Task requirements
Each line below is to be copied exactly; images do not go into the copy.

Input data

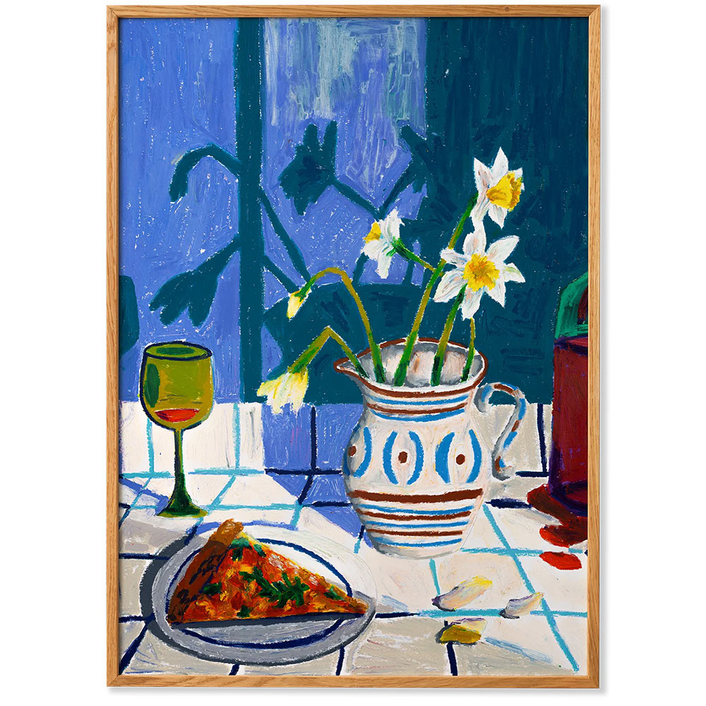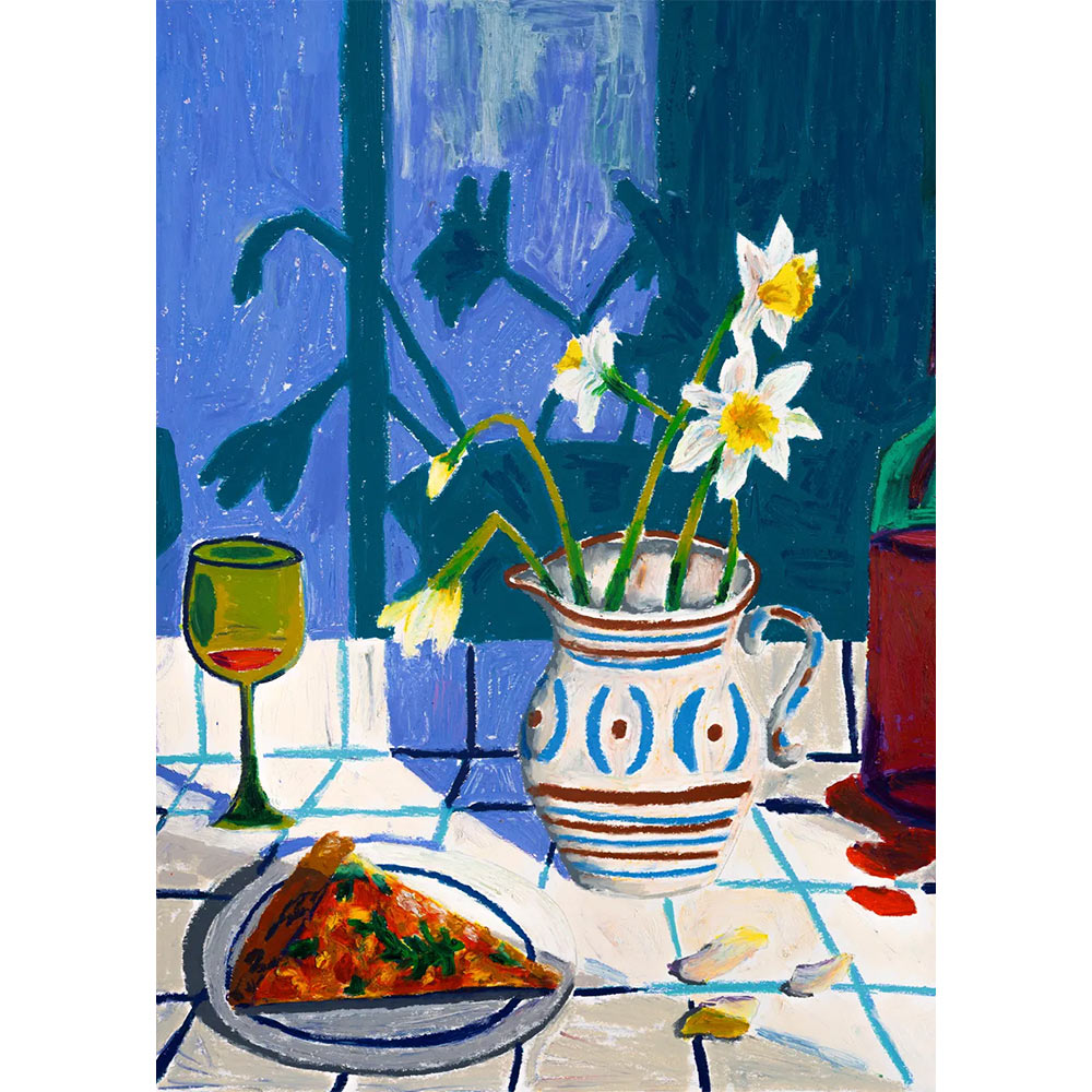 鮮やかなパステルを使って描かれた、暖かい季節に食事や仲間と過ごす喜びを表現した作品。
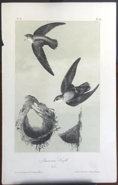 Audubon Octavo American Swift, plate 44, uncolored test sheet. 7 x 11
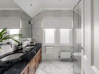 Located on the second-level is additional accommodation comprising main bedroom with walk-in robe and double-shower ensuite, two bedrooms with desks and BIRs, a fourth bathroom (spa bath) and a powder room. This captivating residence is kept entirely comfortable with hydronic heating, ducted reverse-cycle air-conditioning, CCTV cameras, alarm plus there is roof storage, garden irrigation and automatic gates on Stawell and Barry Streets for secure off-street parking.

Response for this exercise
 鮮やかなパステルを使って描かれた、暖かい季節に食事や仲間と過ごす喜びを表現した作品。
 Audubon Octavo American Swift, plate 44, uncolored test sheet. 7 x 11
 Located on the second-level is additional accommodation comprising main bedroom with walk-in robe and double-shower ensuite, two bedrooms with desks and BIRs, a fourth bathroom (spa bath) and a powder room. This captivating residence is kept entirely comfortable with hydronic heating, ducted reverse-cycle air-conditioning, CCTV cameras, alarm plus there is roof storage, garden irrigation and automatic gates on Stawell and Barry Streets for secure off-street parking.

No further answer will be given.